The embodiment of the present invention provides a kind of computer program again, when run on a computer, so that computer is held The step of row above-mentioned collaborative filtering recommending method based on cluster.

For device/electronic equipment/storage medium/computer program product/computer program embodiments comprising instruction For, since it is substantially similar to the method embodiment, so being described relatively simple, referring to the portion of embodiment of the method in place of correlation It defends oneself bright.

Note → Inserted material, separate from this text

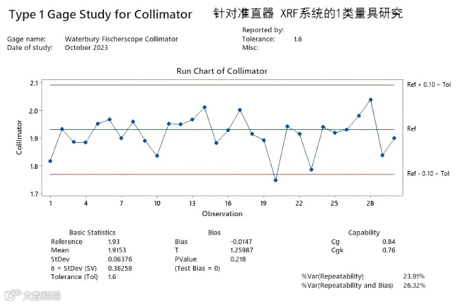准直器式 XRF 系统测得的 Cg/Cgk 值分别为 0.84/0.76,触发了缓冲安全区,使可用公差缩减至标准的 76%。

It should be noted that, in this document, relational terms such as first and second and the like are used merely to a reality Body or operation are distinguished with another entity or operation, are deposited without necessarily requiring or implying between these entities or operation In any actual relationship or order or sequence.Moreover, the terms "include", "comprise" or its any other variant are intended to Non-exclusive inclusion, so that the process, method, article or equipment including a series of elements is not only wanted including those Element, but also including other elements that are not explicitly listed, or further include for this process, method, article or equipment Intrinsic element.In the absence of more restrictions, the element limited by sentence "including a ...", it is not excluded that There is also other identical elements in process, method, article or equipment including the element.

Each embodiment in this specification is all made of relevant mode and describes, same and similar portion between each embodiment Dividing may refer to each other, and each embodiment focuses on the differences from other embodiments.Especially for device/ For electronic equipment/storage medium/computer program product/computer program embodiments comprising instruction, due to its basic phase It is similar to embodiment of the method, so being described relatively simple, the relevent part can refer to the partial explaination of embodiments of method.

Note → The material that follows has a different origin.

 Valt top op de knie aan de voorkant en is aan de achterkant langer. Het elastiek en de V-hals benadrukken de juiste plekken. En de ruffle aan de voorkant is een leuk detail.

The foregoing is merely illustrative of the preferred embodiments of the present invention, is not intended to limit the scope of the present invention.It is all Any modification, equivalent replacement, improvement and so within the spirit and principles in the present invention, are all contained in protection scope of the present invention It is interior.

Claims

1. a kind of collaborative filtering recommending method based on cluster characterized by comprising

From preset label genomic information matrix, the label genome vector of the first article, label genome vector are obtained For describing the build-in attribute of the first article；

Using preset clustering algorithm, the first article is divided into default first by the label genome vector based on the first article The cluster class of quantity；

For each target item: when the target item and the second article belong to same cluster class, the label based on the target item Genome vector calculates the target item and second at a distance from the preset kind between the label genome vector of the second article The relative coefficient of article, target item refer in the first article that target user does not provide the article of scoring, and the second article is Refer in the first article, the article in addition to all target items；When the target item belongs to different cluster classes from the second article, base In the Poisson related coefficient of the target item and the second article, the relative coefficient of the target item and the second article is calculated；It will Target user is weighted the relative coefficient of the preset scoring of the second article and the target item and the second article and asks With obtain target user and score the prediction of the target item；

2. the method according to claim 1, wherein the Poisson phase based on the target item with the second article Relationship number, the step of calculating the relative coefficient of the target item and the second article, comprising:

The quantity of co-user based on the target item and the second article and calculated poisson formula number, generate the mesh The scaling Poisson related coefficient of article and the second article is marked, and by the scaling Poisson related coefficient of the target item and the second article Relative coefficient as the target item and the second article.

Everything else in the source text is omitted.